» Problem to solve
For this exercise, copy the data exactly and omit any images.
Given material section start
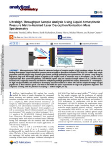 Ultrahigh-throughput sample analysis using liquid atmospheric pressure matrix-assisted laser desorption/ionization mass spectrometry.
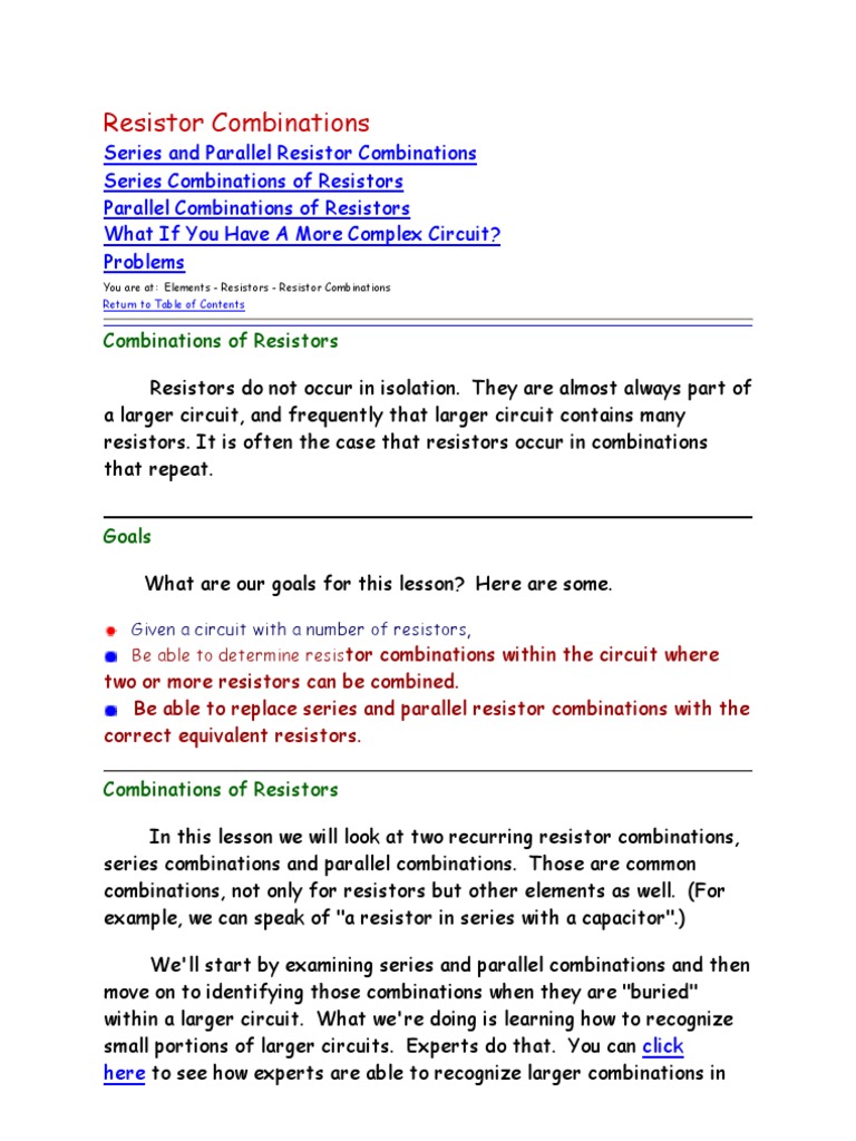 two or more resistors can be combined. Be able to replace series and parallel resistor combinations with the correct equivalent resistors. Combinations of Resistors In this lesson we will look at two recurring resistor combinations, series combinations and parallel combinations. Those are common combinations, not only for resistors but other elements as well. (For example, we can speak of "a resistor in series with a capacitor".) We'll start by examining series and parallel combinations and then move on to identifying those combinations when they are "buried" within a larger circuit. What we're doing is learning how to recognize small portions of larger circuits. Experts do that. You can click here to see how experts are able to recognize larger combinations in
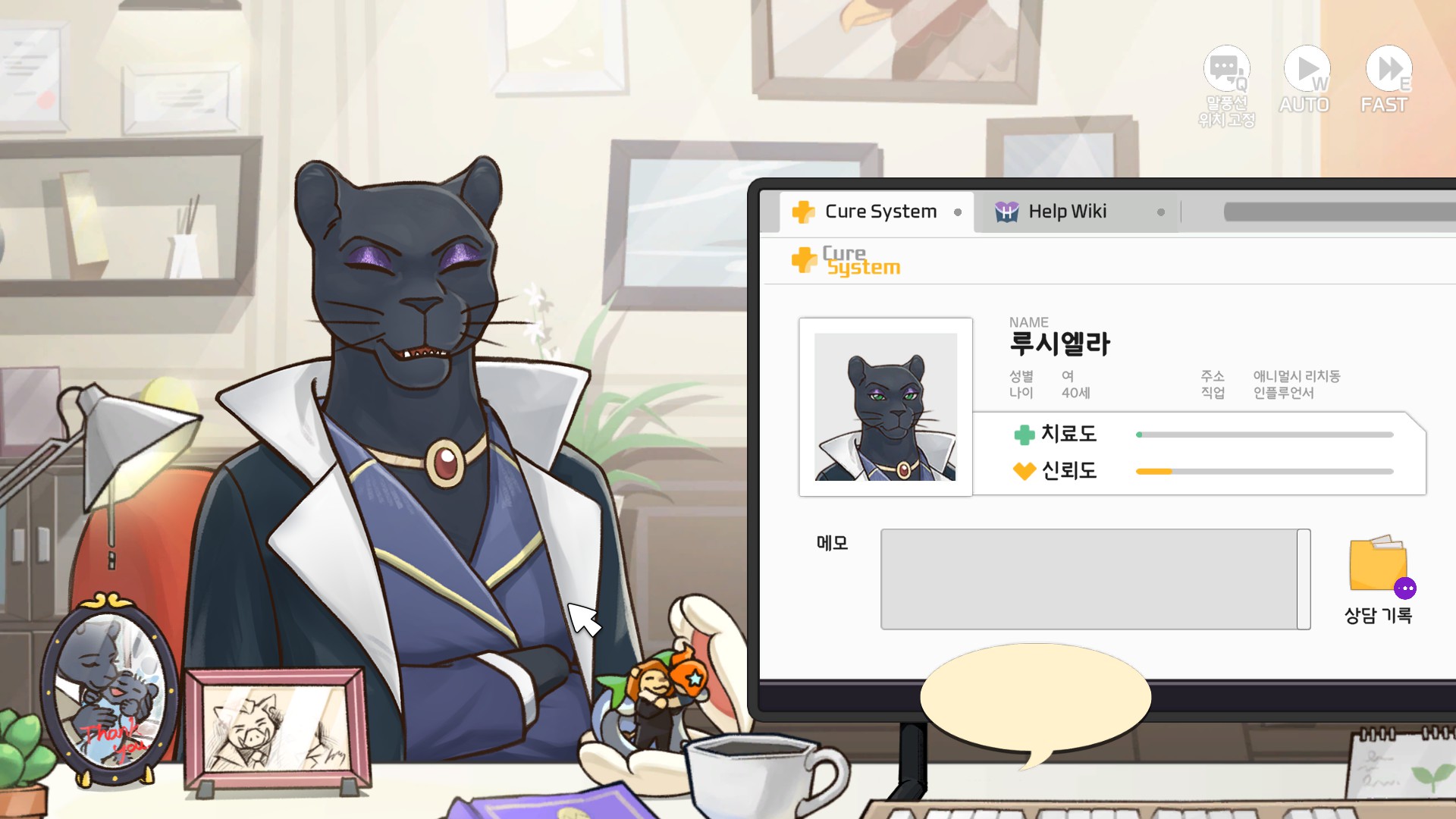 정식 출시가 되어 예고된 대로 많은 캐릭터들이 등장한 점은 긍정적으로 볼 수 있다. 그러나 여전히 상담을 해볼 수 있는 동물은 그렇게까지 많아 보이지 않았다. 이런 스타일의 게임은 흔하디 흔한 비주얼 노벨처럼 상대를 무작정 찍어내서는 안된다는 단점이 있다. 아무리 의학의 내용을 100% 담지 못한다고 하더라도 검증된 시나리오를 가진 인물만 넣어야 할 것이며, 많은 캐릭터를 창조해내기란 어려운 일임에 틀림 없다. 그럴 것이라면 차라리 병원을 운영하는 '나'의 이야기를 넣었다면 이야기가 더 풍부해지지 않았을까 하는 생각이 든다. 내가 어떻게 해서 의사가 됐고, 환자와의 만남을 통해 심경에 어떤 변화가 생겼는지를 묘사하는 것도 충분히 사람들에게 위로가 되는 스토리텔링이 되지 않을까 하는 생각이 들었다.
Given material section end
» Solution to the problem
 Ultrahigh-throughput sample analysis using liquid atmospheric pressure matrix-assisted laser desorption/ionization mass spectrometry.
 two or more resistors can be combined. Be able to replace series and parallel resistor combinations with the correct equivalent resistors. Combinations of Resistors In this lesson we will look at two recurring resistor combinations, series combinations and parallel combinations. Those are common combinations, not only for resistors but other elements as well. (For example, we can speak of "a resistor in series with a capacitor".) We'll start by examining series and parallel combinations and then move on to identifying those combinations when they are "buried" within a larger circuit. What we're doing is learning how to recognize small portions of larger circuits. Experts do that. You can click here to see how experts are able to recognize larger combinations in
 정식 출시가 되어 예고된 대로 많은 캐릭터들이 등장한 점은 긍정적으로 볼 수 있다. 그러나 여전히 상담을 해볼 수 있는 동물은 그렇게까지 많아 보이지 않았다. 이런 스타일의 게임은 흔하디 흔한 비주얼 노벨처럼 상대를 무작정 찍어내서는 안된다는 단점이 있다. 아무리 의학의 내용을 100% 담지 못한다고 하더라도 검증된 시나리오를 가진 인물만 넣어야 할 것이며, 많은 캐릭터를 창조해내기란 어려운 일임에 틀림 없다. 그럴 것이라면 차라리 병원을 운영하는 '나'의 이야기를 넣었다면 이야기가 더 풍부해지지 않았을까 하는 생각이 든다. 내가 어떻게 해서 의사가 됐고, 환자와의 만남을 통해 심경에 어떤 변화가 생겼는지를 묘사하는 것도 충분히 사람들에게 위로가 되는 스토리텔링이 되지 않을까 하는 생각이 들었다.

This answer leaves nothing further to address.